Desconstruir um mundo virtual que se fez tão presente tem sido uma tarefa difícil, pois o ócio sobre o qual esses pequenos conhecem, está associado ao consumo dessas telas com seus jogos e vídeos. É tão potente essa realidade, que, com meus 30 anos de magistério, nunca havia visto tamanho desconforto nas crianças em conseguir viver o presente com a mera simplicidade de estar e ser, de se permitir o gesto livre, leve e ao mesmo tempo regulado. Vejo semblantes preocupados, meninos e meninas com pouco ou nenhum repertório quando diante de um campo aberto…
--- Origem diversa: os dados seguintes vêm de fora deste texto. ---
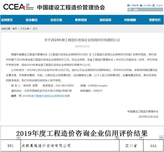 近日,集團(tuán)造價(jià)子公司在由中國(guó)建設(shè)工程造價(jià)管理協(xié)會(huì)組織的2019年度全國(guó)工程造價(jià)咨詢企業(yè)信用評(píng)價(jià)中,獲得代表最高級(jí)別的AAA信用等級(jí)。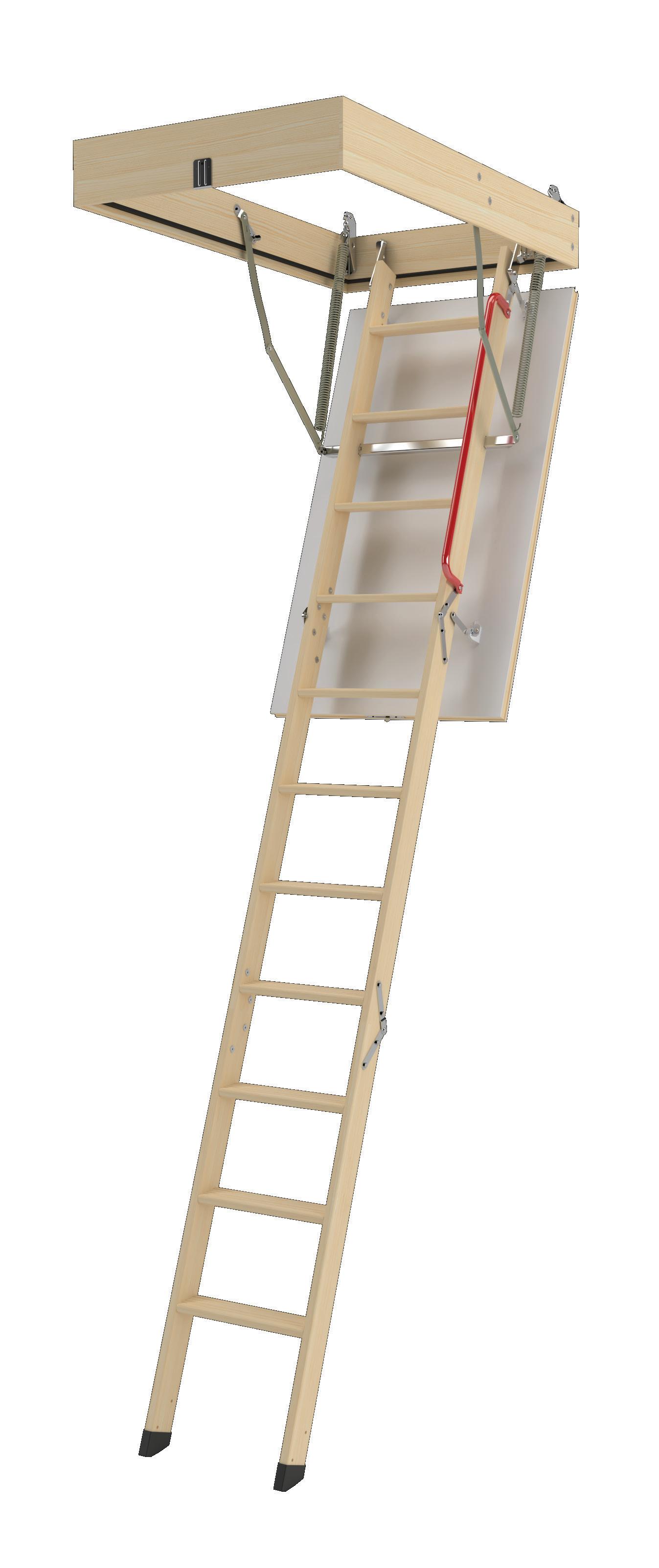 Denne er udført i træ og kan leveres som standard, thermo eller brandsikker. Lemmen er hvid på alle vore trapper og det rødlakerede gelænder, som er tilmed er standard hos FAKRO, sikrer en behagelig brug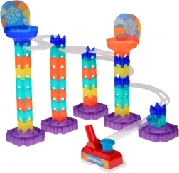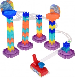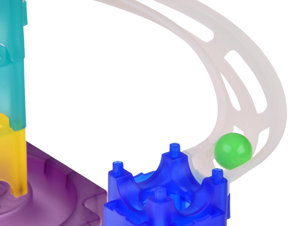 Sættet inkluderer en manuel affyrer til en dynamisk start, kurver, tragte og forbindelsesdele i livlige farver, der indbyder til leg. Byggesættet understøtter hånd–øje-koordination, teknisk tænkning og kreativitet for hele familien.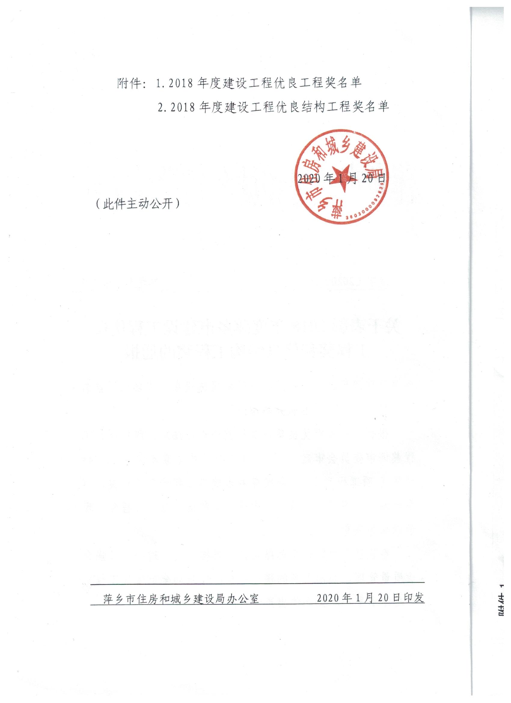 上栗縣城鎮化基礎設施建設PPP項目縣北工業園標準化廠房工程榮獲2018年度萍鄉市建設工程優良結構工程獎

O corpo fica paralisado, as mãozinhas suam e geralmente eles vêm em minha direção dizendo algo como:
“O que faço agora?”. “Estou entediado”.
Em cada lar há um combinado, um cuidado, sim, sabemos que há…
“Tela só por algumas horas por dia”, ou “Você não arrumou seu quarto então vai ficar sem o tablet.”
Mas minha reflexão creio que tenha a intenção de ser mais profunda, procurar absorver essa necessidade quase inconsciente da nossa geração Alpha ou os chamados “Nativos digitais” de estarem sempre conectados.
Nossos pais, avós, bisavós e até tataravós, também estiveram expostos aos progressos tecnológicos de suas épocas, mas de fato temos que admitir o quanto cada vez mais o desafio aumenta no sentido principalmente de vivermos diariamente a necessidade de um resgate de tudo aquilo que a gente não viveu e precisa urgentemente viver!
A cada ano que passa, vejo em minhas turmas mais crianças que chegam ao 1º ano sem saberem pular corda, escalar ou subir em árvores. Também nunca se viu tamanho boom no surgimento de publicações literárias para a infância, especializadas em tratar do emocional, como um tipo de auto ajuda aos pequenos.
Ou seja, a equação que me vem à mente é: pouca natureza e vivência do corpo + grande exposição ao uso de telas e tecnologias virtuais = extrema dificuldade nas inteligências intra e interpessoal.
Então vamos lá pra fora, deixar os conflitos aparecerem, tratar dos joelhos ralados, secar as lágrimas, abraçar as inseguranças e perseguir nossa infância!